Title: RE: The Lowest-Tech Atom Bomb (iraq)

The article also says that,

This seams reasonable.
But there may be another possibility.
Alvin Weinberg confirmed in a letter published in Physics Today some years ago that Manhattan Project people considered "topping off" their U-235 or Pu-239 with Pa-231, should either production method - calutron enrichment or reactor uranium conversion - fail to supply adequate amounts of fissile material.

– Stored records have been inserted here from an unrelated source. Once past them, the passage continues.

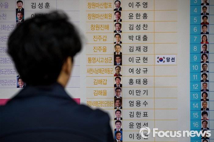 (서울=포커스뉴스) 제20대 국회의원선거를 하루 앞둔 12일 오전 서울 영등포구 새누리당사 선거상황실에 무투표로 당선이 확정된 이군현 새누리당 통영시고성군 후보 이름 옆에 '당선' 스티커가 붙어 있다.
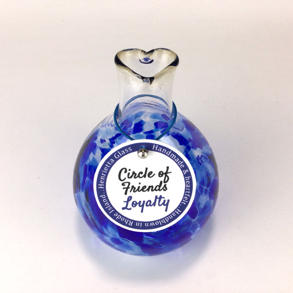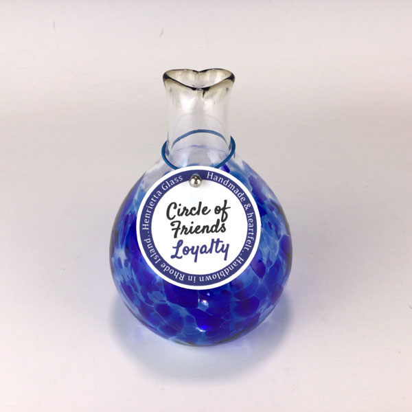 Circle of Friends Vase “Loyalty” by Henrietta Glass. Each vase comes with a hand tag specific to its trait/color on a color coordinated satin ribbon and is packed in a gift box. Size: Approximately 4.5 inches tall, 3 inches in diameter.
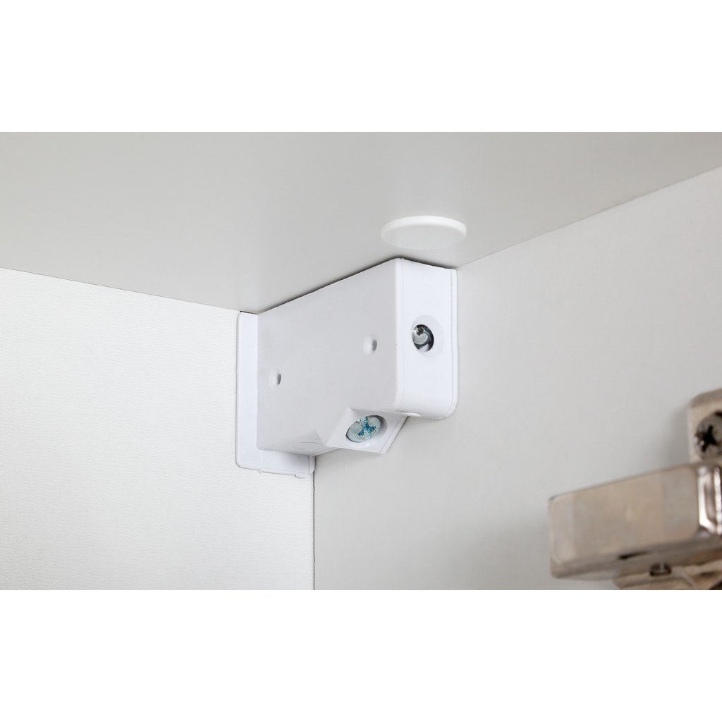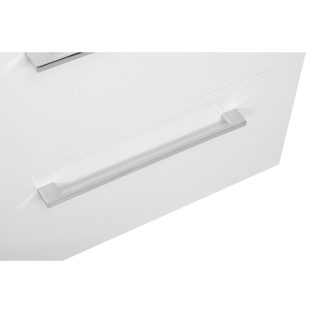 Celá sestava je vyrobena z LTD desek o tloušťce 16 mm. Korpusy i čelní plochy jsou ošetřeny bílým lakem ve vysokém lesku, který je odolný proti vlhkosti. Elegantní kovová chromovaná madla zajišťují pohodlnou manipulaci a dlouhou životnost.
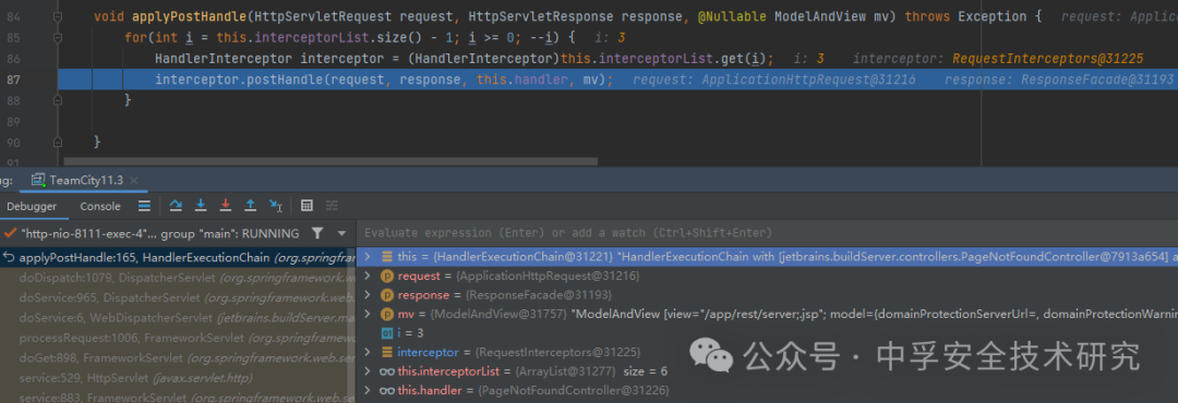 开启调试,在 RequestInterceptors.preHandle() 断点开始,
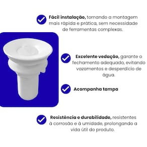 - Instalação prática: Pode ser montado rapidamente, mesmo por pessoas sem experiência - Adaptabilidade: Sifão flexível que se ajusta a diferentes medidas e posições - Proteção contra vazamentos: Sistema de vedação eficiente - Acabamento discreto: Cores neutras e design simples para combinar com qualquer ambiente - Durabilidade garantida: Resistente à umidade, impactos e desgaste do uso diário

This was early on, before both techniques proved very successful).

According to J. C. Spirlet et-al ( "Preparation and Purification of Actinide Metals," Adv. in Inorganic Chemistry, Vol. 31, pp. 1-41, 1987.) Pa-231 "occurs in pitchblende in the amount of 300mg/ton, about the same as

radium." As well, "British researchers... isolat[ed] ...some hundred grams of  231Pa from the sludge left over from uranium processing" for inorganic chemistry research.

Kilogram quantities of  231Pa (enough for a small U-Pa fueled fast-breeder reactor, or possibly even a bomb core or two, depending on the "design sophistication") could potentially be extracted by a sufficiently determined organisation - without ever having to overcome any sort of  nonproliferation safeguards.

Jaro 
 


-----Original Message-----
From: Chuck Cooper [mailto:cooperc@teleport.com]
Sent: Saturday October 12, 2002 4:37 PM
To: radsafe
Subject: The Lowest-Tech Atom Bomb (iraq)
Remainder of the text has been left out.